Justice Elena Kagan, hailed last year by President Barack Obama as a defender of “ordinary citizens,” sided with a Bank of America Corp. unit against an indebted consumer in her first U.S. Supreme Court ruling.
The 8-1 decision limited a provision that lets people receiving bankruptcy protection cut their monthly payments by as much as $471 a month to account for car ownership costs.
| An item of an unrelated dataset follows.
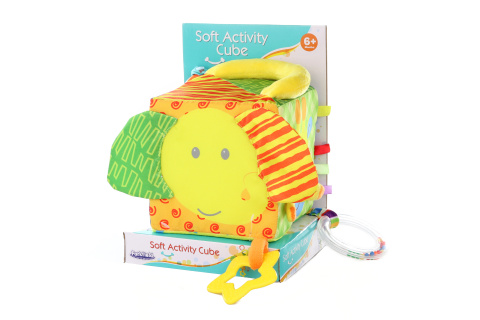 Plyšová kostka s různými aktivitami (kroužky, chrastítko, tkaničky, zvířátka, rolnička, barevné vzory a další). Rozměry kostky cca 12 x 12 cm. Rozměry balení cca 15,5 x 14,5 x 21 cm. Věk 6 měsíců+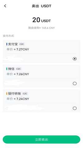 点击“卖出USDT”,选择您的收款方式,在页面上显示如下详情。

Kagan said consumers can take that deduction only when they are making loan or lease payments on the car.
“If the debtor already owns a car outright, he has no need for this protection,” the newest justice wrote for the court.
The decision was a defeat for Jason Ransom, a Nevada man who sought to take a deduction for a 2004 Toyota Camry valued at $14,000. Ransom filed for bankruptcy protection in 2006 with more than $82,000 in credit card debt, almost $33,000 owed to Bank of America’s FIA Card Services.
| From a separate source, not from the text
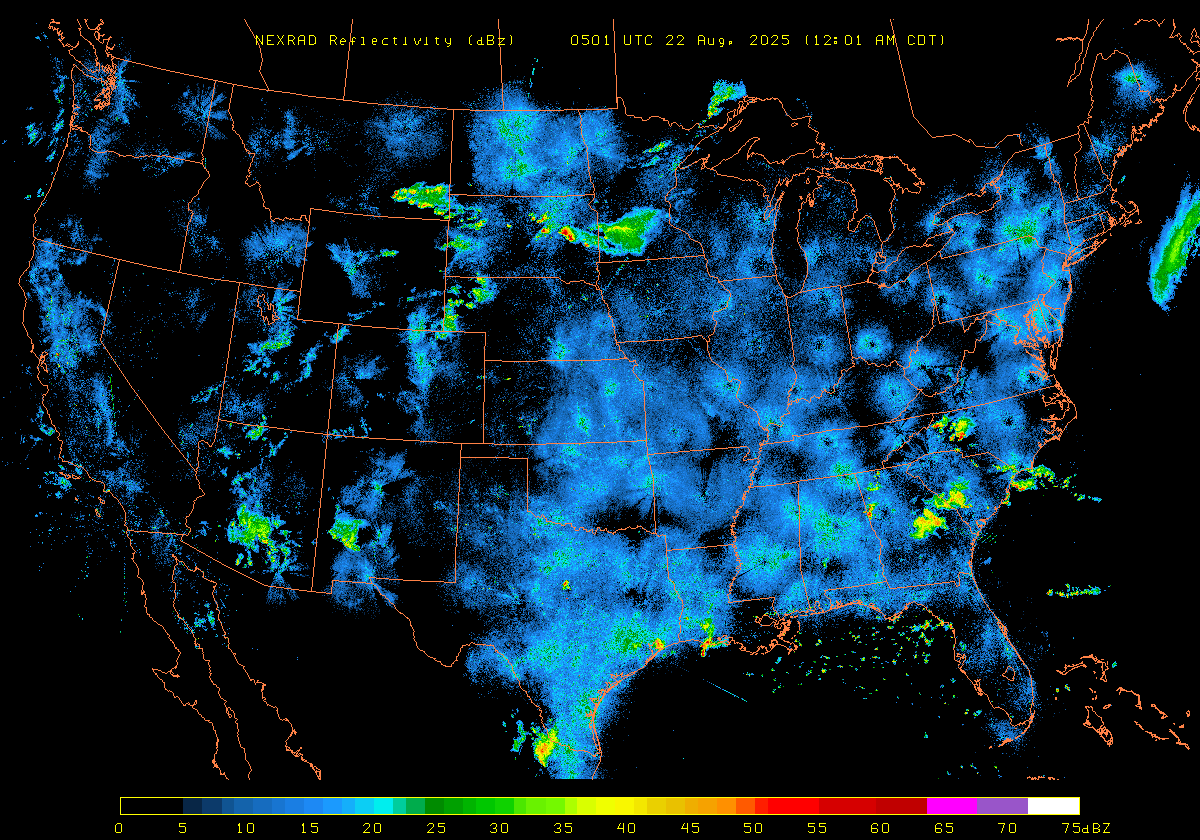 NEXRAD Base Reflectivity & Wind Maps: August 21, 2025 at 3pm ET to next day at 3pm (2 frames/hour)

Justice Antonin Scalia, in other contexts one of the most pro-business justices, was the lone dissenter. He said Ransom should have been allowed to take the deduction and that Kagan and the rest of the court misread a provision in a 2005 bankruptcy law.
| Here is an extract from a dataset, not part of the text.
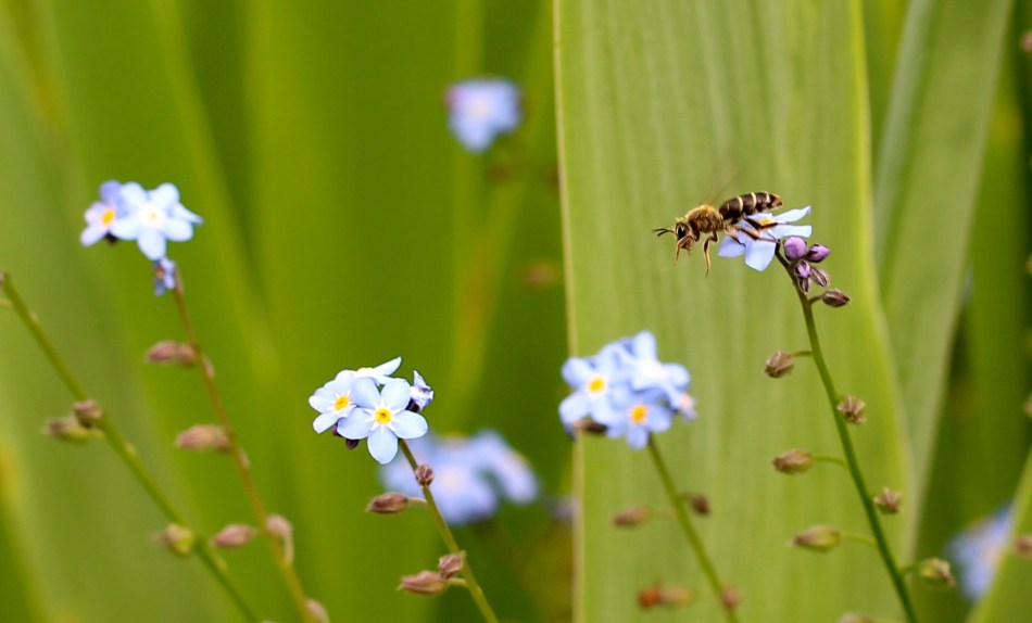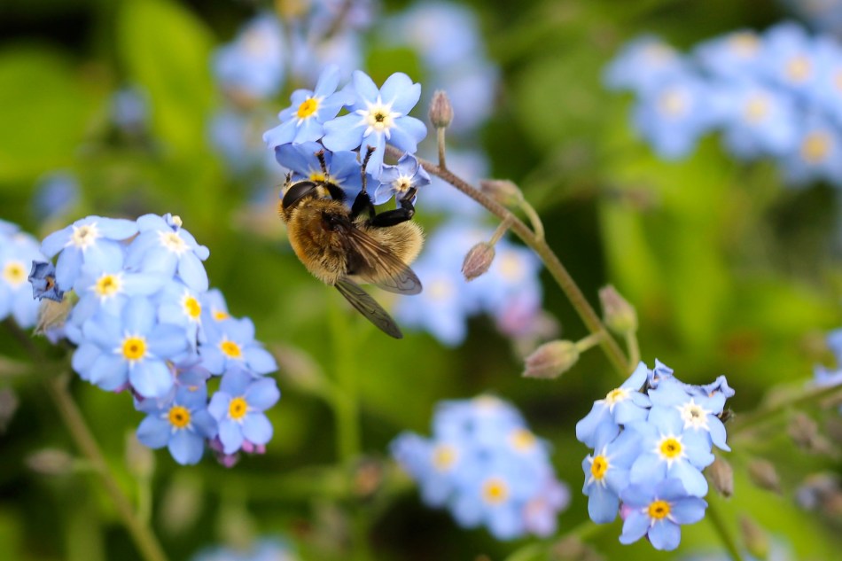 Many creatures enjoy this forget-me-not flower patch every single day!

The Obama administration supported FIA in the case, pointing to the Internal Revenue Service’s conclusion that people who own their car outright can’t claim the deduction. A separate deduction is available to cover car operating expenses.
Obama, when he nominated Kagan last year to succeed the retiring Justice John Paul Stevens, described her as someone who “has repeatedly defended the rights of shareholders and ordinary citizens against unscrupulous corporations.”
The case is Ransom v. FIA Card Services, 09-907.